Обе концепции – Иванова и Мандельштама – строятся на одной и той же пресуппозиции: чтобы инвестировать в некую систему, необходимо покинуть ее пределы [700] .
2. На ивановскую сакральную символику ночного солнца-сердца [701] у Мандельштама наслаиваются пушкинские коннотации: мотив похороненного сердца появляется в «Евгении Онегине» (I: L), а уподобление самого Пушкина закатившемуся солнцу – в некрологе В. Ф. Одоевского [702] , где вслед за этим упоминается и сердце: «…всякое русское сердце знает всю цену этой невозвратимой потери и всякое русское сердце будет растерзано» [703] . На этой имплицитной основе строится обобщение, которым Мандельштам открывает свой доклад: «Пушкин и Скрябин – два превращения одного солнца, два перебоя одного сердца. Дважды смерть художника собирала русский народ и зажигала над ним свое солнце. <…> их личность, умирая, расширилась до символа целого народа, и солнце-сердце умирающего остановилось навеки в зените страдания и славы» (II, 35).
700
Ср. замечание Р. Д. Тименчика по поводу «свидетельств[а] Г. Адамовича о разговоре летом 1921, в котором Гумилев переоценивал былое увлечение Анненским»: «…в этом Гумилев следовал убеждениям и вкусу Учителя: “…для меня нет большего удовольствия, как увидеть иллюзорность вчерашнего верования”» [Тименчик 1981b: 185].
701
Эта символика (см. цикл «Солнце-сердце» в кн. «Cor ardens») связана с сердцем Диониса, спасенным от титанов как залог его возрождения.
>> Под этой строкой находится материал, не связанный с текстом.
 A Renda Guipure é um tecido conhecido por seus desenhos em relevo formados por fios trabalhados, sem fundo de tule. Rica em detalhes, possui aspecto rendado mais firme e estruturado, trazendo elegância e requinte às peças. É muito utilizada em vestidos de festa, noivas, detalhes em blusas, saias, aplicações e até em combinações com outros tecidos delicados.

М. М. Бахтин полагал, что в образе солнца-сердца Иванов соединил античные коннотации солнца с мотивом кровоточащего сердца в иконографии Христа [Бахтин 1979: 380]. На это возражает В. Проскурина, показывая, что оба компонента отсылают и к античной, и к христианской традиции [Проскурина 2001: 207–208]. Среди других источников образа – Sonnenherz Гейне [Ронен 2003: 78]. Из ближайших предшественников Мандельштама образ встречается также у Блока: «Но бредет за дальним полюсом / Солнце сердца моего» («Настигнутый метелью», 1907). Эти строки цитирует А. Г. Мец в комментарии к «Скрябину и христианству» (II, 490).
702
См., напр., [Гаспаров, Ронен 2003]. Впрочем, «державинский некролог Вяземского и пушкинский Владимира Одоевского начинаются совершенно одинаково: “Угасло одно из светил поэзии нашей, лучезарнейшее ее светило!” (1816) и “Солнце русской поэзии закатилось!” (1837)» [Перельмутер 1995: 194].
703
См. комментарий А. Г. Меца: II, 490. Вероятно, использованный Одоевским образ растерзанного сердца способствовал включению Пушкина в дионисийско-орфическую парадигму. Так, в стихотворении «В Петербурге мы сойдемся снова…» (1920) о возобновленной постановке оперы «Орфей и Эвридика» образ похороненного солнца относится, в частности, к Пушкину и театральной атмосфере, запечатленной в «Евгении Онегине» [Malmstad 1977] (обзор литературы вопроса см. [Там же: 194]).
Этот фрагмент доклада заканчивается, обрываясь на середине фразы, неясным местом, без точного понимания которого, однако, невозможно реконструировать инвариант аномального солнца в мифопоэтике Мандельштама:
Пушкина хоронили ночью. Хоронили тайно. Мраморный Исакий – великолепный саркофаг – так и не дождался солнечного тела поэта. Ночью положили солнце в гроб, и в январскую стужу проскрипели полозья саней, увозивших для отпеванья прах поэта.
Я вспомнил картину пушкинских похорон, чтобы вызвать в вашей памяти образ ночного Солнца, образ поздней греческой трагедии, созданный Еврипидом, видение несчастной Федры.
В роковые часы очищения и бури мы вознесли над собой Скрябина, чье солнце-сердце горит над нами, – но, увы! это не солнце искупления, а солнце вины. Утверждая Скрябина своим символом в час мировой войны, Федра-Россия […] (35–36).